No, so I wouldn't say that we've currently sort of seen everyone going to parity. I mean we still have sort of the double-step, single-step or first line or excluded in sort of the packages that -- yes, and how the formularies are set up for the moment in the U.S.

On your question on CIMZIA, so we continue to see increase in growth for CIMZIA. I would say it's standing out from the TNF lot in general.

So there's very different dynamics for the rest of the TNFs. And I do think it's really because of the uniqueness of CIMZIA and how it's PEgylated formulation and the impact it has on particular patient populations.

Thank you.

Congrats on a strong year. Also want to add my congrats to Antje for your new journey.

I have two questions. First is regarding BIMZELX.

For psoriasis and for the rheumatology indication, how should we think about the penetration or market share in the total biologic market beyond just IL-17? And how should we think about the gross-to-net in the longer term?

Second question is for FINTEPLA. I'm just curious about your current thoughts on the gene therapy competitor programs, including the ASO and AAV gene therapy for Duchenne syndrome.

Apparently, at the same time, you know, there are a couple [indiscernible] drug, in late-stage trials. How would these new products potentially, I mean, change the market dynamics in the coming years?

So maybe let me start with the gross-to-net. I mean, I think Sandrine has sort of mentioned it as well.

So one -- I mean, we will see a difference between last year where we had quite a few scripts, medical exception at full price. Now you will see a net price or gross-to-net more in line with where our access coverage is, whether it's first-line, single-step or double-step edit as well taking into account, of course, that the dosages across the different indications and loading doses are different.

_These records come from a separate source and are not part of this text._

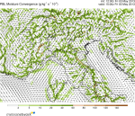 Il “potenziale temporalesco” tra Veneto ed Emilia invece ieri è rimasto intonso, e potrebbe esser stato ulteriormente rinvigorito dall’aria umida spinta dai temporali che sono arrivati morenti (e quindi non più in grado di rovesciare aria secca al suolo) fin verso la linea rossa.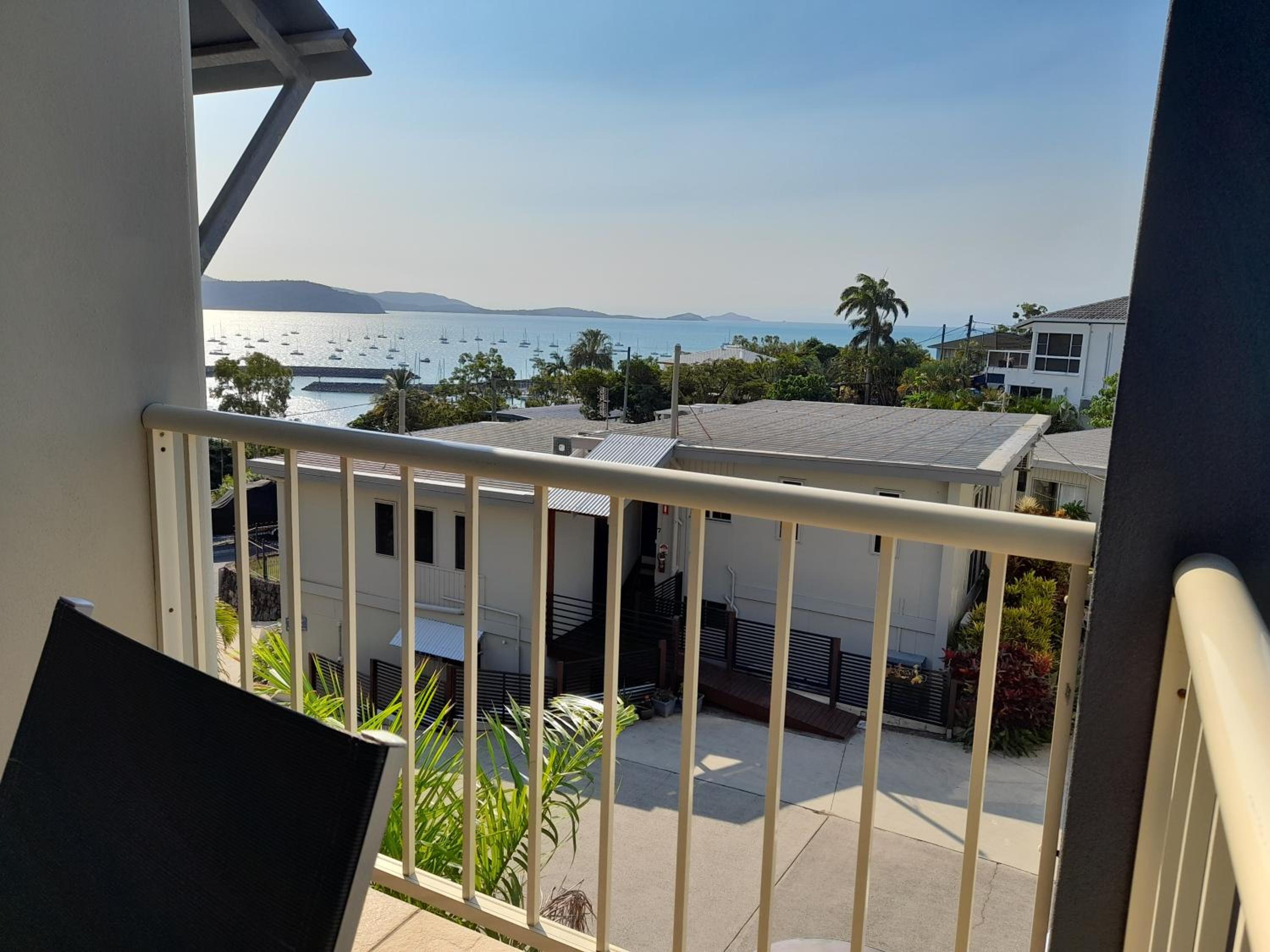 Apatment 7 has large balcony overlooking the Whitsundays. Beautiful sunsets.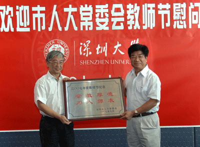 慰問團(tuán)向深圳大學(xué)贈送書有“崇教厚德,為人師表”的牌匾,并向優(yōu)秀教師代表送上鮮花和禮物,表達(dá)市人大常委會和全市人大代表的良好祝愿和崇高敬意。深大學(xué)生則向前來慰問的身為教師的市人大代表獻(xiàn)上鮮花。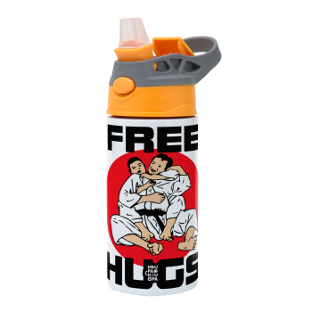 JUDO free hugs, Παιδικό παγούρι θερμό, ανοξείδωτο, με καλαμάκι ασφαλείας, Πορτοκαλί/Γκρι (360ml) BPA-FREE

Your question around FINTEPLA -- sorry, I'm just going back to my notes linked to the question that you asked. So your question around FINTEPLA and potentially future competition.

Well, first, in general, usually competition increases the market and is a good thing for both patients and for us. I would say what we are seeing with FINTEPLA is really a strong impact.

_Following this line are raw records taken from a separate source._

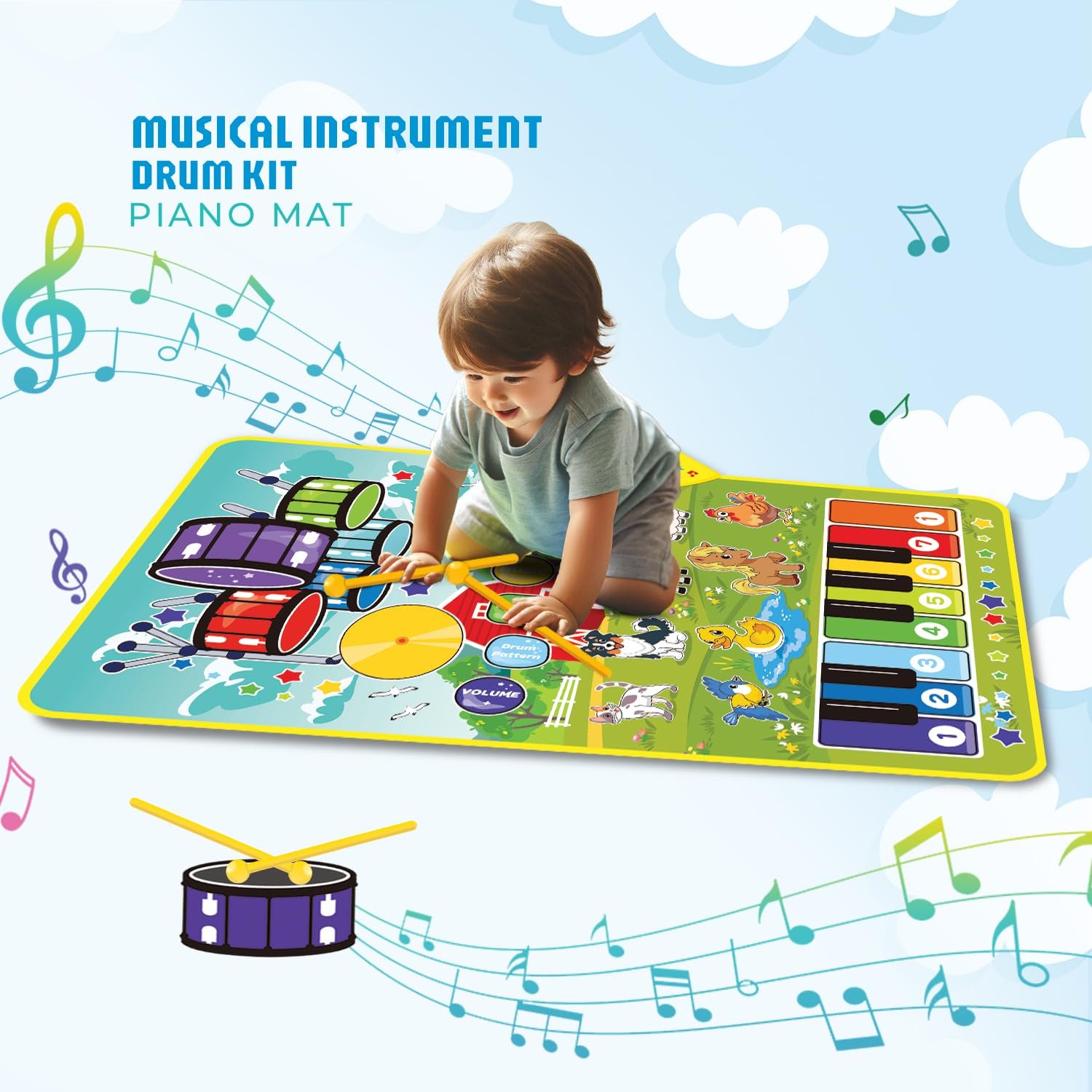 【INTERACTIVE AND ENGAGING】Featuring a vibrant design and interactive elements, this musical play mat inspires kids to actively engage and express their creativity through music. The 3-in-1 setup with an Animal sounds, piano and a drum allows two children or players to enjoy together—one on the piano and the other on the drum—making it perfect for siblings, twins, or family fun.
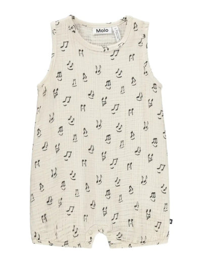 Tailored for warm summer days, this romper is crafted from soft cotton muslin, featuring a playful music print. Its sleeveless and legless design offers easy movement, ensuring comfort for your little one. With snap buttons at the shoulders and between the legs, dressing transitions are quick and hassle-free, making it an ideal choice for active toddlers.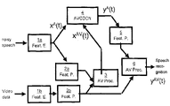 - an AVCDCN scheme in accordance with at least one embodiment of the present invention makes use of a front end that produces both a stream of audio-only feature vectors (the noisy features x A (t), the clean features y A (t)) or ⁇ A (t)) and a stream of audio-visual feature vectors x AV (t) for use in equation (4), (5), (6), (7), and (8),.

From an efficacy perspective, we've just, as Emmanuel mentioned, shared the outcome of the Phase III data for CDD, which reinforces not only the impact that we have on seizure, but also on the non-seizure outcomes and we hope to sort of further increase our data package and improving the efficacy and the benefits of that drug with our Rett syndrome indications. So I think that by the time that they come on the market, the wealth of data and the proven real-world evidence will support FINTEPLA as a strong option.

Thank you.

So that was the final question for today. Thank you so much.

Thanks to Jean-Christophe, Fiona, Sandrine and Emmanuel, of course, of my screen here. Thanks to the audience, you have been very patient with us.

We went definitely well above the hour. And yes, thank you all for everything.

I enjoyed every moment, and I wish you all the best. For every question that is open for any future interactions, you know where to find us.

We are here, and we are going there to continue to serve you as good as we can. Thank you.